### Work request
When copying the listing below, skip every picture and repeat exactly the lines from the first one through the line that contains "Eine Situation die".

Recorded information below:

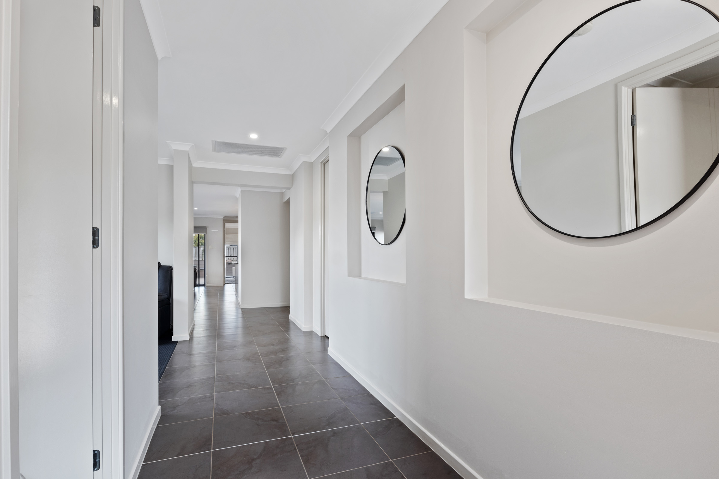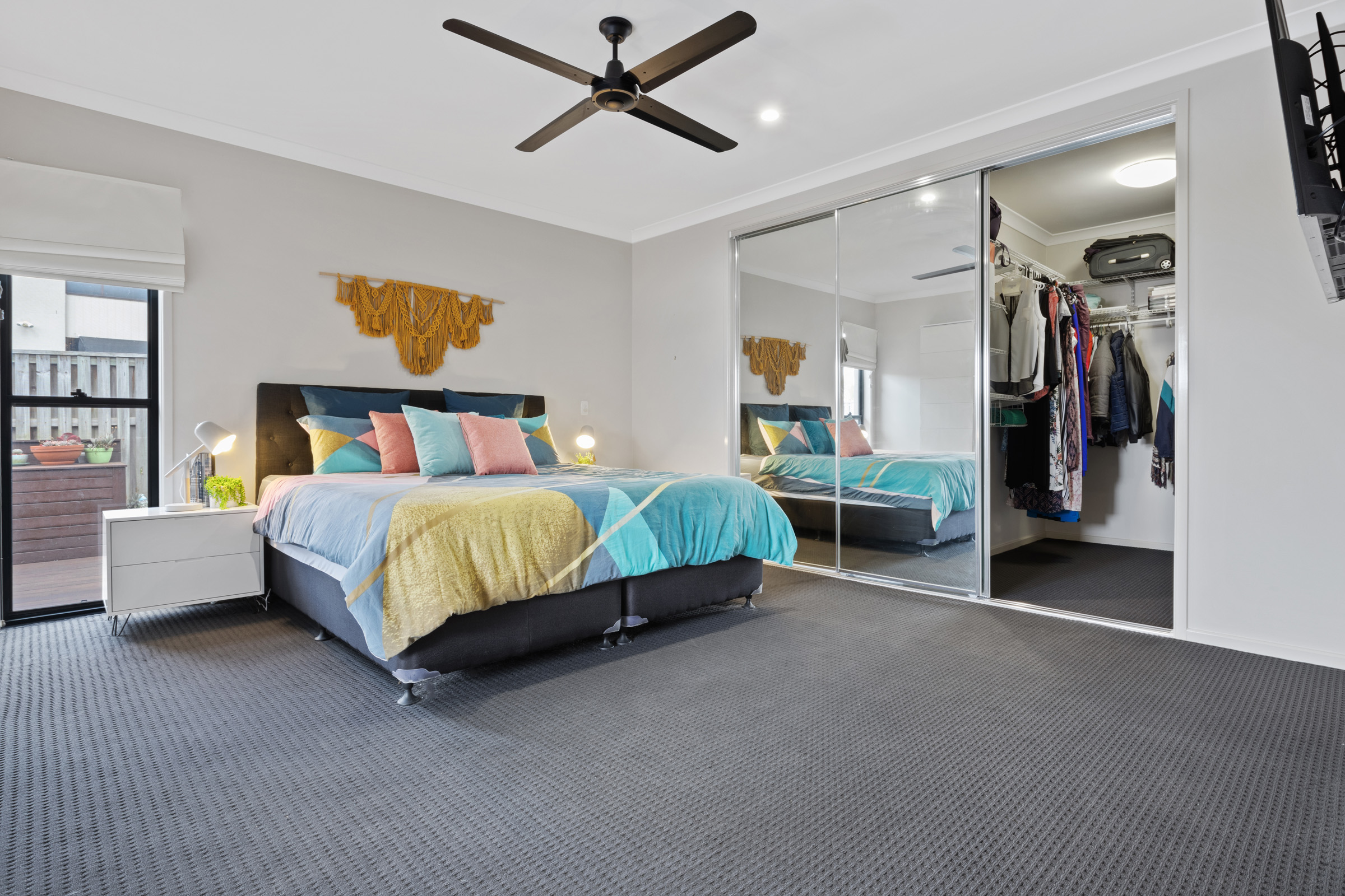 Master bedroom with ensuite and walk-in robe concealed behind large mirrored doors
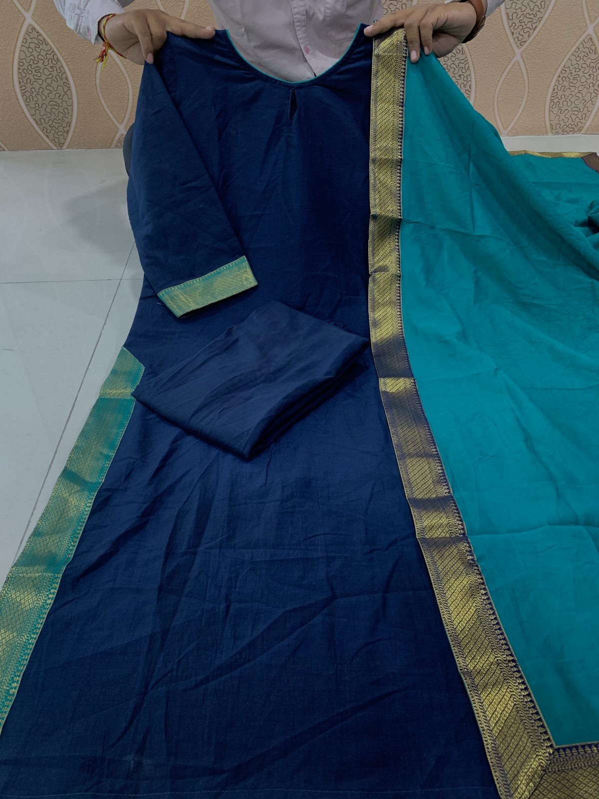 Featuring Beautiful Suit Sets in pure Banarasi side lace top with bottom viscose,it is beautiful decorated design
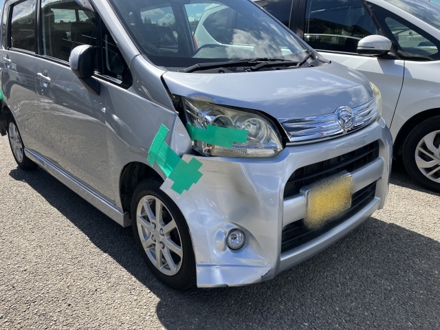 フロントバンパー、右ヘッドランプ、フード、右フロントフェンダー
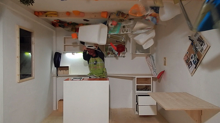 Eine Situation die mit dem Raum ins Kippen kommt. Während manche Möbel im Raum fest installiert sind, sind ihre Türen und Schubladen aber offen, so wird ein scheinbar einfacher Vorgang, wie das Braten eines Steaks, zum Kampf mit der sich im Verhältnis zum Raum laufend verändernden Schwerkraft. Ein klares Bezugssystem von oben und unten scheint es nicht mehr zu geben. Das Chaos nimmt seinen Lauf. Der geschlossene Raum ist nicht einsehbar, das Publikum ist aber Zeuge dieser Drehungen der Skulptur und verfolgt das Geschehen via Liveprojektion aus ihrem Inneren, dokumentiert und aufgezeichnet über mehrere im Raum und eine weitere, an der Brust des Künstlers installierte Kameras. Deutlich hörbar sind jedoch die Bewegungen der im Raum auf den Künstler einstürzenden Einrichtungsgegenstände...
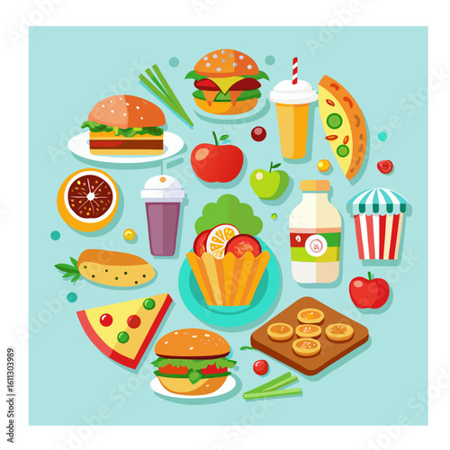 food, pizza, burger, fries, hot dog, steak, soup, salad, tomatoes, lettuce, plate, meal, snack, accessing, dish, cooking, cookery, epicure, culinary, breakfast, lunch, dinner, fast food, healthy, unhealthy, tasty, deliciously, vibrant, colourful, delicious, fresh, spicey, greasy, grilled, baked, roasted, fried, cheesy, sauce, bun, meat, vegetarian, bowl, appetising, menu, modern, vector, graphic, stylised
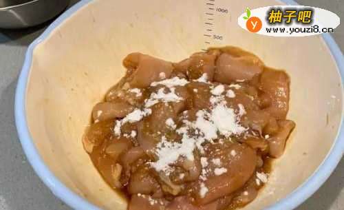 3锅中加入1大匙油中小火烧热,鸡肉下锅前拌入太白粉抓匀
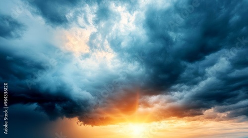 Obraz premium Dark clouds with the sun breaking through, stormy weather, dramatic lighting
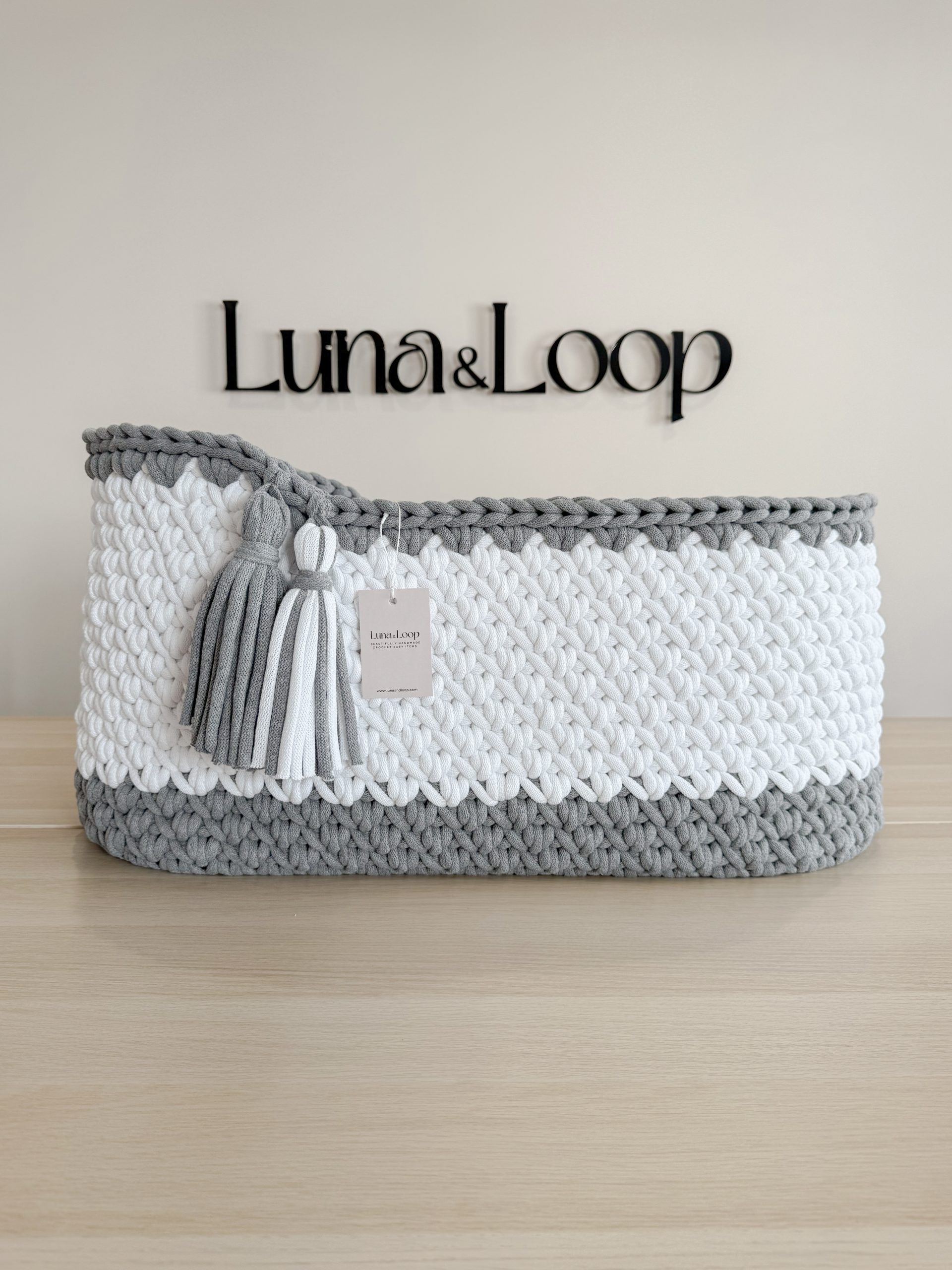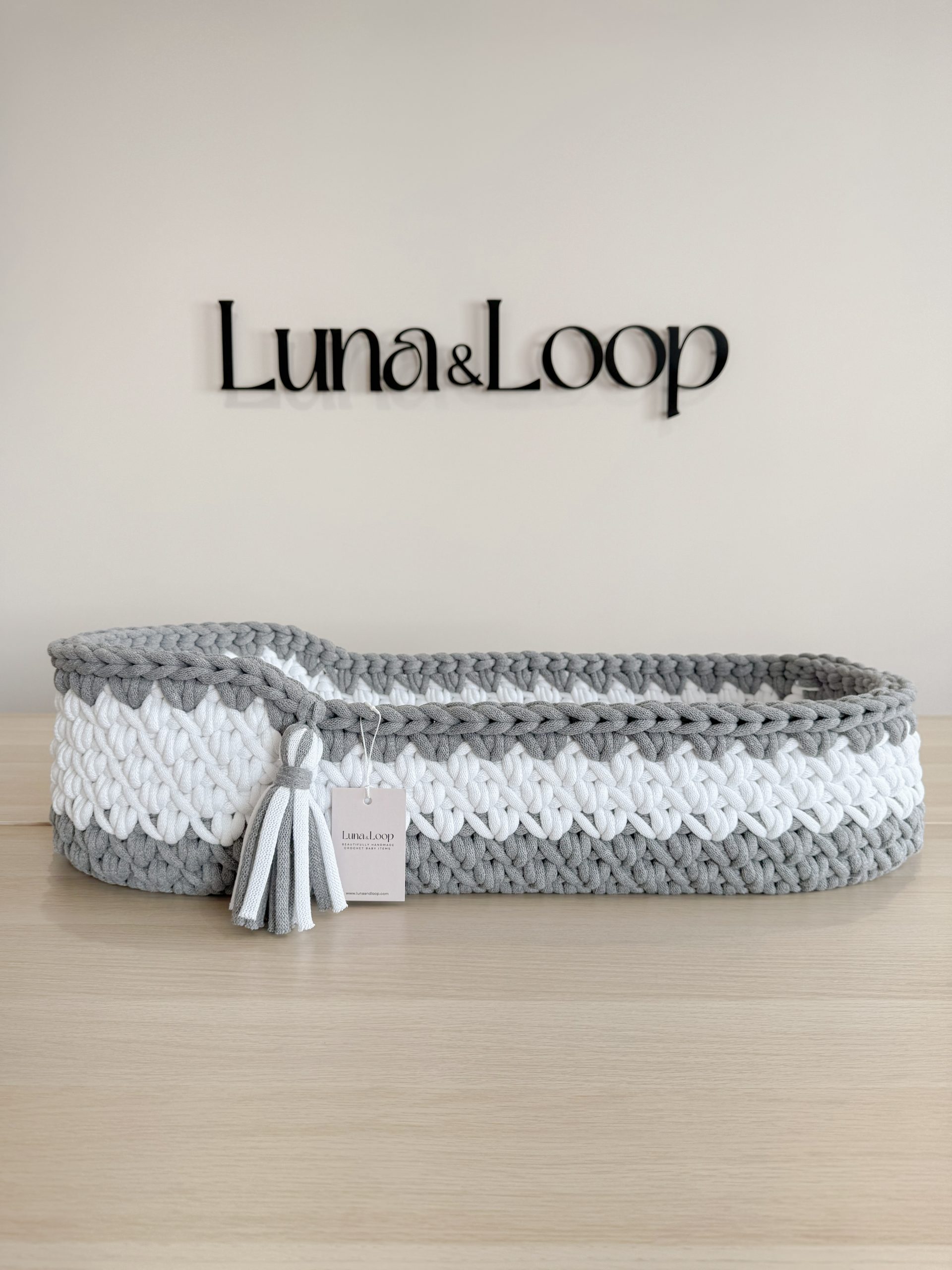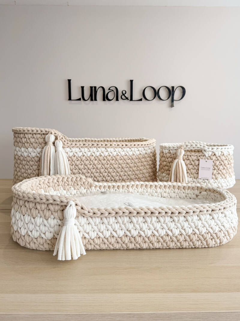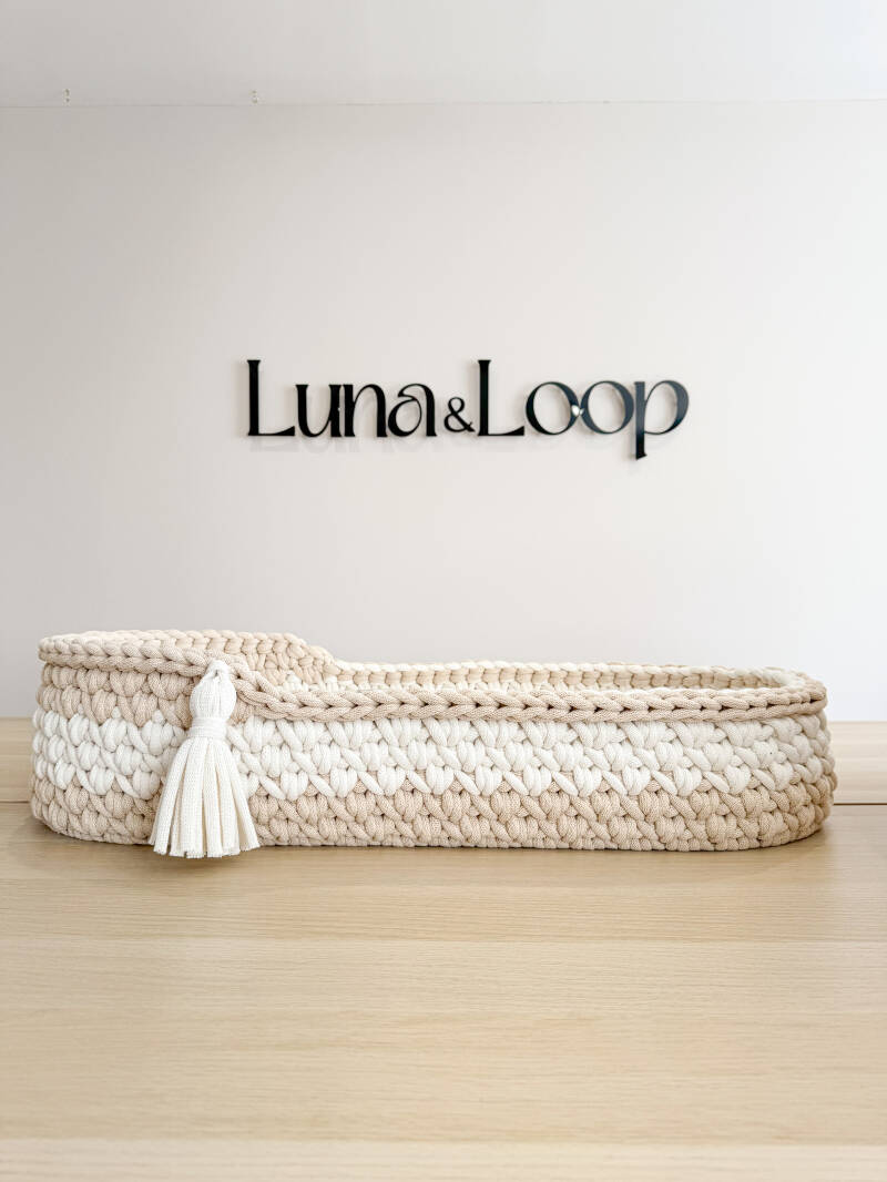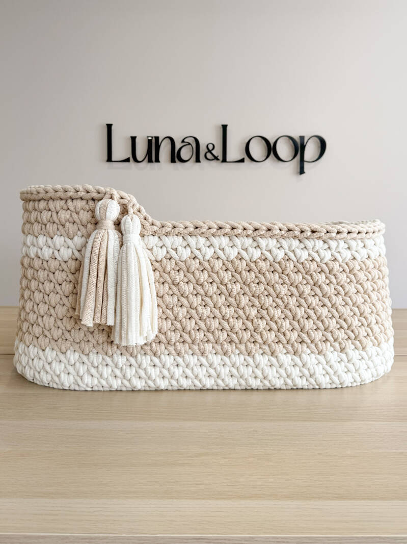 Welcome your little one into the world with our beautifully handcrafted Crochet Moses basket, made from soft, natural recycled cotton yarn. Thoughtfully designed to offer a cosy and safe space for your newborn, it’s a charming blend of traditional craftsmanship and modern sustainability. Certified by OEKO-TEX® Standard 100, you can rest assured no harmful substances have been used in the production or dyeing of the cotton – only the gentlest materials for your baby’s skin.

End of Recorded information.

### Task answer
 Master bedroom with ensuite and walk-in robe concealed behind large mirrored doors
 Featuring Beautiful Suit Sets in pure Banarasi side lace top with bottom viscose,it is beautiful decorated design
 フロントバンパー、右ヘッドランプ、フード、右フロントフェンダー
 Eine Situation die mit dem Raum ins Kippen kommt. Während manche Möbel im Raum fest installiert sind, sind ihre Türen und Schubladen aber offen, so wird ein scheinbar einfacher Vorgang, wie das Braten eines Steaks, zum Kampf mit der sich im Verhältnis zum Raum laufend verändernden Schwerkraft. Ein klares Bezugssystem von oben und unten scheint es nicht mehr zu geben. Das Chaos nimmt seinen Lauf. Der geschlossene Raum ist nicht einsehbar, das Publikum ist aber Zeuge dieser Drehungen der Skulptur und verfolgt das Geschehen via Liveprojektion aus ihrem Inneren, dokumentiert und aufgezeichnet über mehrere im Raum und eine weitere, an der Brust des Künstlers installierte Kameras. Deutlich hörbar sind jedoch die Bewegungen der im Raum auf den Künstler einstürzenden Einrichtungsgegenstände...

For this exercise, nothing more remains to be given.